В художественном произведении это было бы сильной натяжкой. В жизни Гарика это тоже было сильной натяжкой. Невозможной. Штаны собственного производства затрещали и лопнули по шву.
Страсть оказалась вполне взаимной. Потом выяснилось, что Ирина вообще-то замужем и вообще-то денег, которые можно заработать на пошиве брюк, ей, неженке, красавице, хватит разве что на булавки. Много чего выяснилось потом. Но в тот волшебный апрельский вечер они вышли из чужой квартиры, тесно прижавшись друг к другу, не простившись с удивленными хозяевами.
Москва была мала и пресна для их великой страсти. А тут еще Иринин недовольный муж, и тягостная брючная безвестность, и неудобная комната в коммуналке. Страсть требовала крутых перемен и шальных необдуманных решений. Тесно прижавшись друг к другу, не простившись со многими все еще удивленными знакомыми, Гарик и Ирина рванули в Америку.
Страна великих возможностей звала, манила пальчиком из-за океана. Но оказалась на поверку страной великого обмана. Америка не любила и не хотела Авангарда Цитруса. Циничному, бездуховному буржуазному миру на фиг не нужен был простой русский поэт. Брючный портной, который умел шить джинсы «под фирму», тем более не был нужен джинсовой Америке. А больше Цитрус ничего не умел.
Нью-Йорк своими цепкими холодными пальцами-небоскребами выскреб из ранимой поэтической души остатки иллюзий. И отнял Ирину. Неженка, красавица тоже больше не любила и не хотела Авангарда Цитруса.

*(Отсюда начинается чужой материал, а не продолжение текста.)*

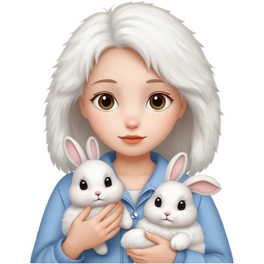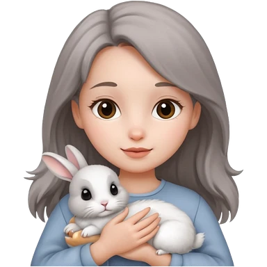 brown hair girl cuddling a cute grey rabbit emoji
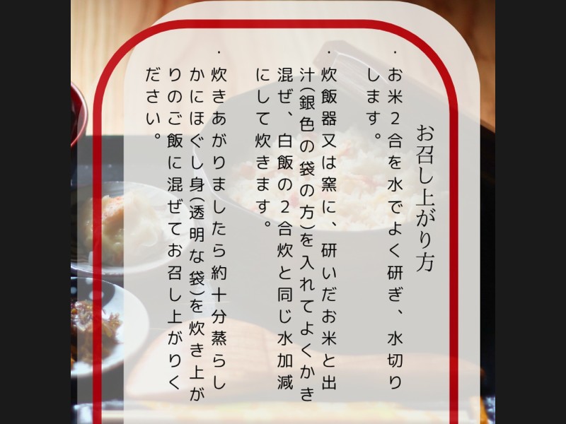 炊き上げ用の出汁とかにの身を別々にパッケージしておりますので、炊きあがったご飯に混ぜ込むもよし、ご飯にのせて楽しむもよし。お好みの食べ方でお召し上がり下さい。
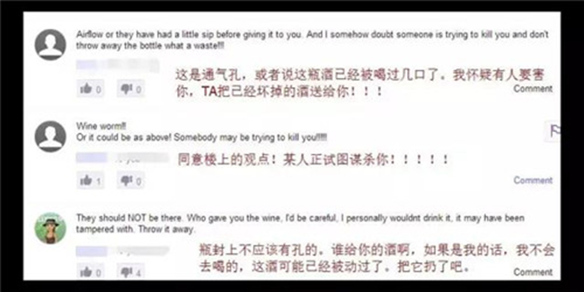 然后,有些網友就炸了,認為這酒已經被人動過了,甚至有人認為這是謀殺!
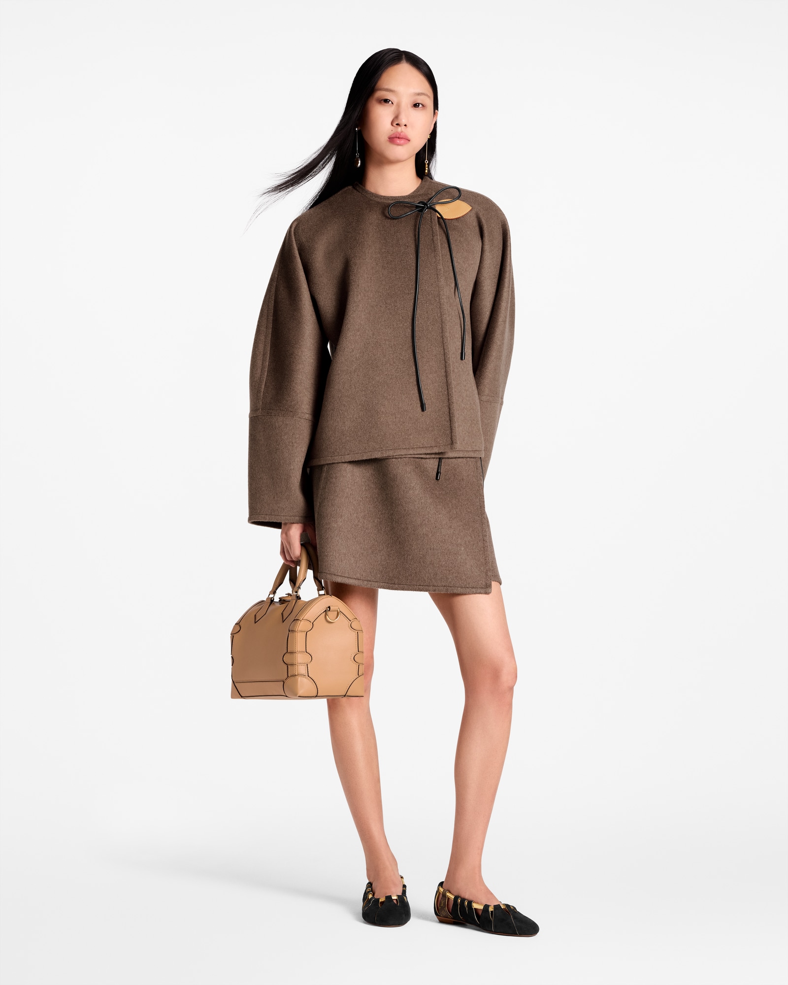 本款摩登夹克为双面山羊绒衣身浸染优雅应季色调。简约直身廓形与丰盈灯笼袖构筑视觉平衡,明线再添挺括观感。正面不对称系带搭配皮革袢带,含蓄流露品牌格调。
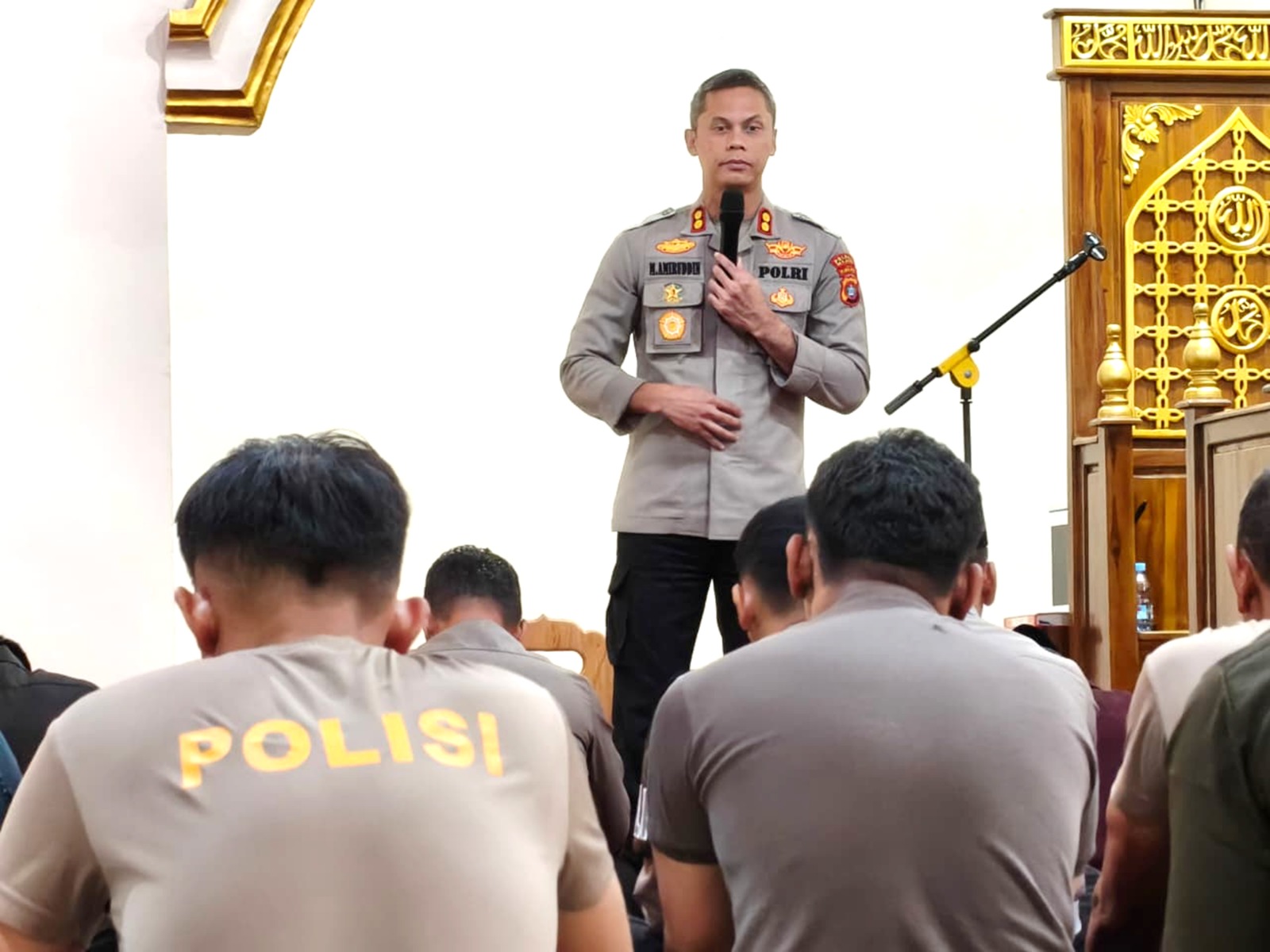 Dalam arahannya, Kapolres menekankan pentingnya memakmurkan masjid, khususnya Masjid Polres Majene, melalui pelaksanaan Shalat Dzuhur berjamaah yang dilanjutkan dengan tadarusan Al-Qur’an. Menurutnya, ibadah yang dilakukan secara konsisten dan berjamaah tidak hanya memperkuat keimanan, tetapi juga menumbuhkan kebersamaan serta keteladanan di lingkungan kerja.
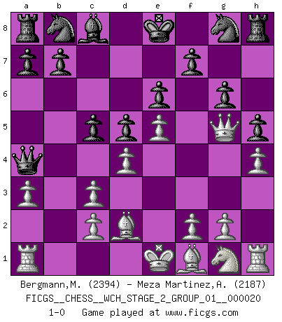 Last move : 1-0 2019 September 19 18:5:46 [Event "FICGS__CHESS__WCH_STAGE_2_GROUP_01__000020"] [Site "FICGS"] [Date "2019.08.03"] [Round "1"] [White "Bergmann,Michael"] [Black "Meza Martinez,Alcides Ivan"] [Result "1-0"] [WhiteElo "2394"] [BlackElo "2187"] 1.e4 e6 2.d4 d5 3.Nc3 Bb4 4.e5 c5 5.a3 Bxc3+ 6.bxc3 Qa5 7.Bd2 Qa4 8.Qg4 g6 9.h4 h5 10.Qg5 1-0 This chess game has been lost on time (started : 2019.08.03 0:16:12) French : Winawer, Advance variation Player White won this chess game. Follow this game move after move (download)There must have been a time when men were demigods, or they could not have invented Chess. (Gustav Schenk) Wer der Ansicht ist, daß alle Schachspieler verrückt sind, wird durch Studium des Lebens von Emil Josef Diemer nicht auf andere Gedanken kommen. (Hans Ree) El Ajedrez, como cualquier actividad creativa, solo puede existir a través del esfuerzo combinado de aquellos que tienen talento creativo y de aquellos que poseen la habilidad de organizar su trabajo creativo. (Mikhail Botvinnik) Vous m'avez demandé de vous exposer quel est le fondement de la prière. Je ne fais que préparer les pièces du jeu sur la table... Nous sera-t-il permis d'en adopter les règles et si nous les appliquons scrupuleusement nous ne tarderons pas à faire mat le Roi divin ! Il ne pourra échapper à nos mains. (Sainte Thérèse d'Avila, Chemin de perfection) A clear conscience is usually the sign of a bad memory. (Unknown)
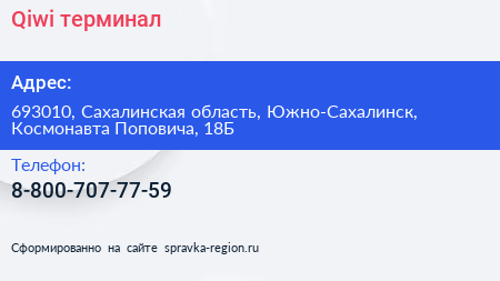 Qiwi, терминал по адресу 693010, Сахалинская область, Южно-Сахалинск, Космонавта Поповича, 18Б в дальнейшем Организация, размещена в следующих категориях:
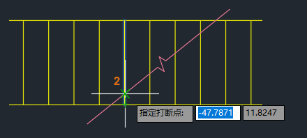 3. 使用“INTersection”对象捕捉,选择打断线和竖线的交点。
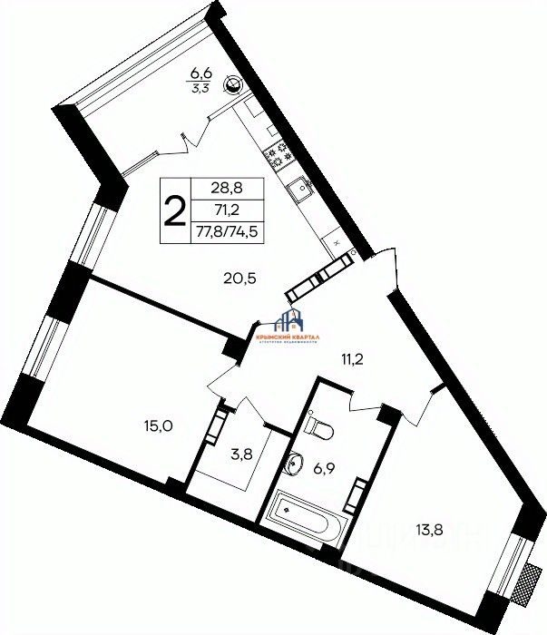 - Комфортные двухкомнатные квартиры от 61 до 78 м²;
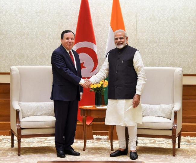 The Foreign Minister of Tunisia, Mr. Khemaies Jhinaoui calling on the Prime Minister, Narendra Modi, in New Delhi on October 28, 2017.
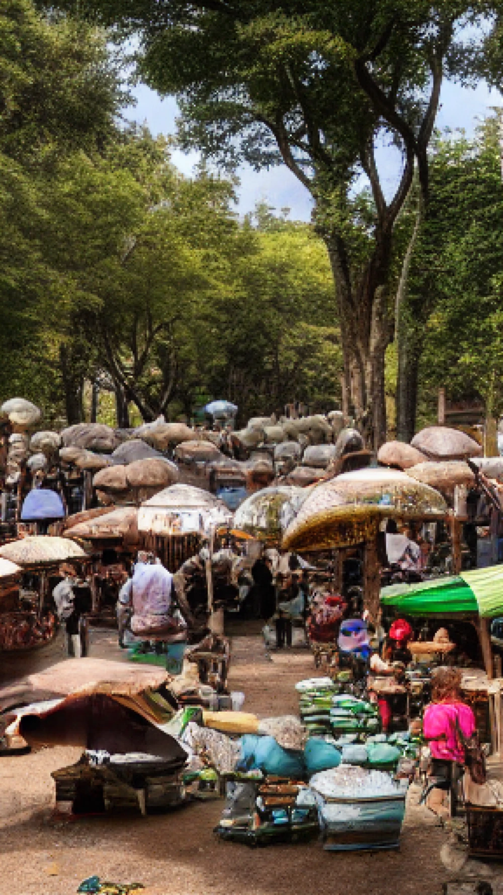 A bustling marketplace in an ancient city, A group of mushrooms growing in a forest
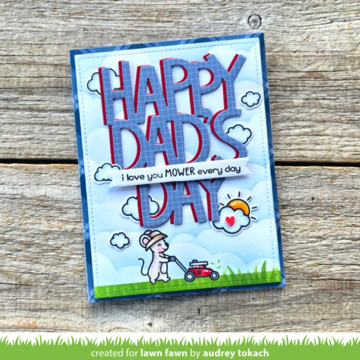 Setze ein Statement, indem du den großen Schriftzug Giant Happy Dad’s Day auf deiner Karte platzierst. Die kleinen Gärtner-Mäuse aus Apple-solutely Awesome, Veggie Happy, Veggie Happy Add-On und Garden Mouse wären eine superniedliche Ergänzung für deine Szene!

Он работал грузчиком и подметалой. Он жил в грязи. Он умолял ее вернуться, рыдал, ползал перед ней на коленях посреди шумного Бродвея, и жизнерадостные Нью-Йоркцы обходили распятого в пыли поэта с равнодушным «сори!». Ирина тоже перешагнула через него своими стройными ногами, но вместо «сори» сказала по-русски: «Прекрати. Противно». И ушла навсегда, не оглядываясь.
Никто его не жалел и не понимал. Он резал вены в дешевом отеле в Бронксе. Наконец назло им обеим — Ирине и Америке — сошелся с грязным толстым негром в отвратительном порыве гомосексуального абсурда.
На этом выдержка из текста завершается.